Dear Ian,

A comment regarding the GCC-in-C++ idea. In slide 16 you merely answer

  "C++ is too complicated!"

with

  "Maintainers will ensure that gcc continues to be maintainable."

C++ has, for example, 12 different ways to represent or invoke a function.
It has no buikt-in typesafe "enum"s. Sooner or later developers will think
more about
  "should this better be a member function or a static inline function?"
  or "how do I make dynamic_cast work with my enum sets?"
than about the algorithm they want to implement.

How can maintainers ensure this does not happen?

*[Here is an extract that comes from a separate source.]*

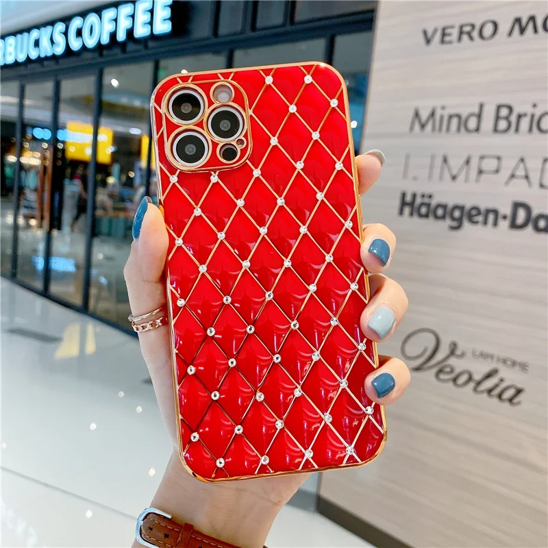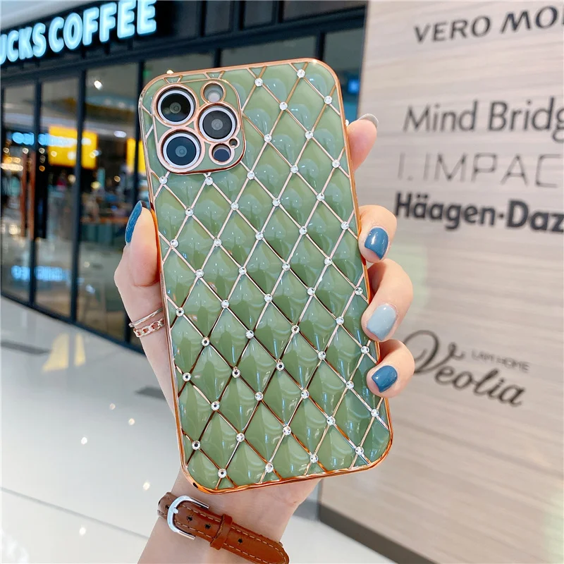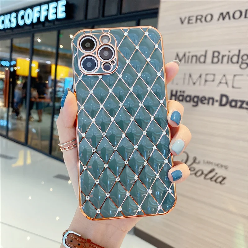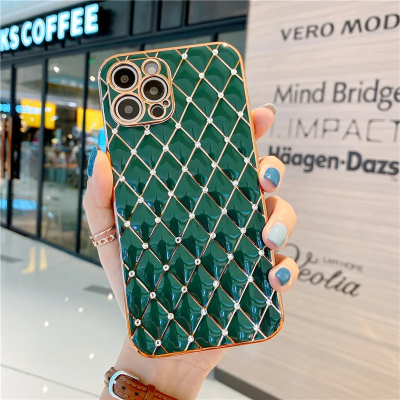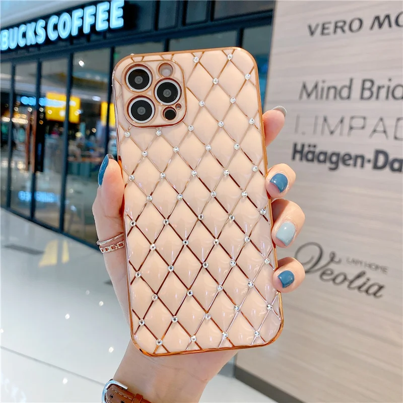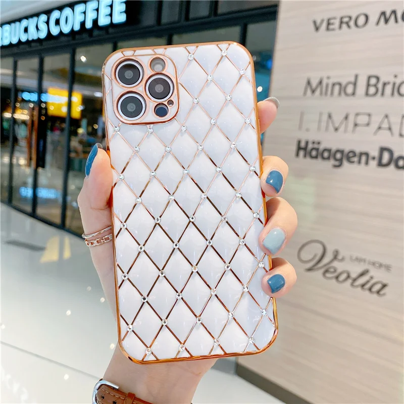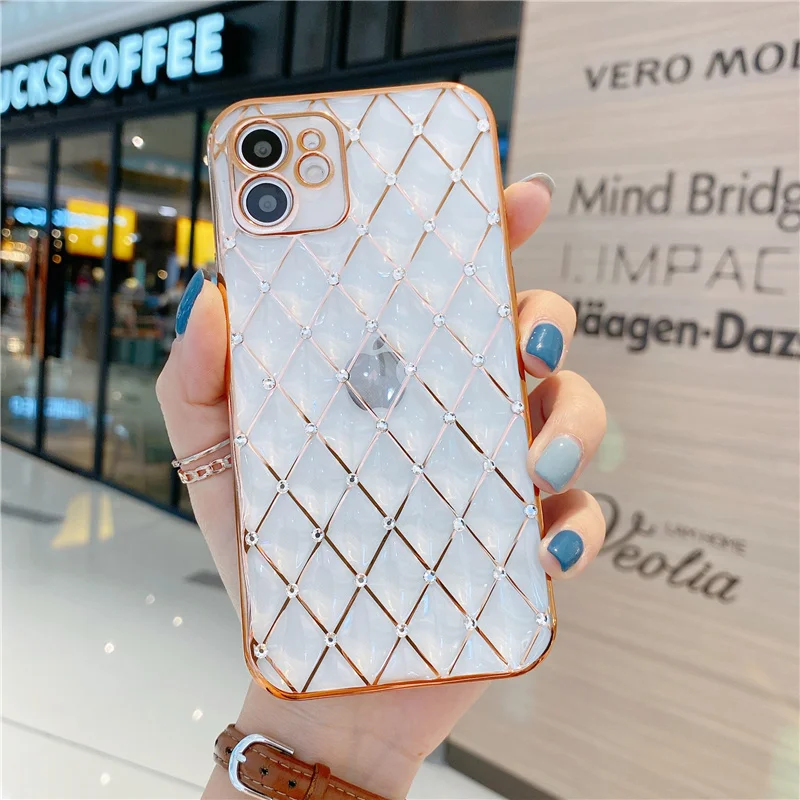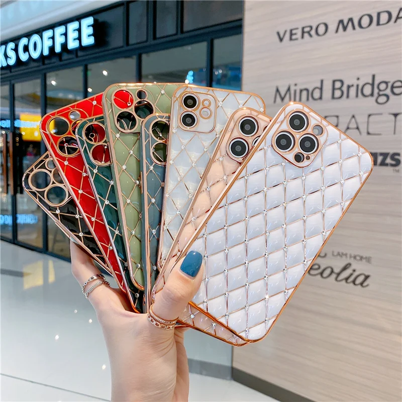 Comprar Funda chapada en oro de lujo para iPhone, 11 Pro Max, 8 Plus, 7, XR, XS, X, funda de silicona con brillo de diamante para iPhone 12 Pro SE 2020

You cannot pick a set of C++ features and say "we will only use these
elementary C++ features, not the complex ones". It won't work because

  1) The compiler forces the developers to use more and more advanced features.
     As soon as you want to use classes, you must learn about inline, const,
     constructors and destructors. People will request that you use namespaces.
     Multiple inheritance is not on your wishlist in the beginning, but you
     will likely use it sooner or later. You can be lucky if you avoid virtual
     inheritance...

  2) Year over year, advanced developers will start relying on even more fancy
     features: templates, exceptions, 'explicit' constructors, Koenig lookup,
     etc. Less advanced developers would like to say "no", but their voice
     doesn't count as much as the voice of advanced developers. So year after
     year, the full set of C++ features gets used.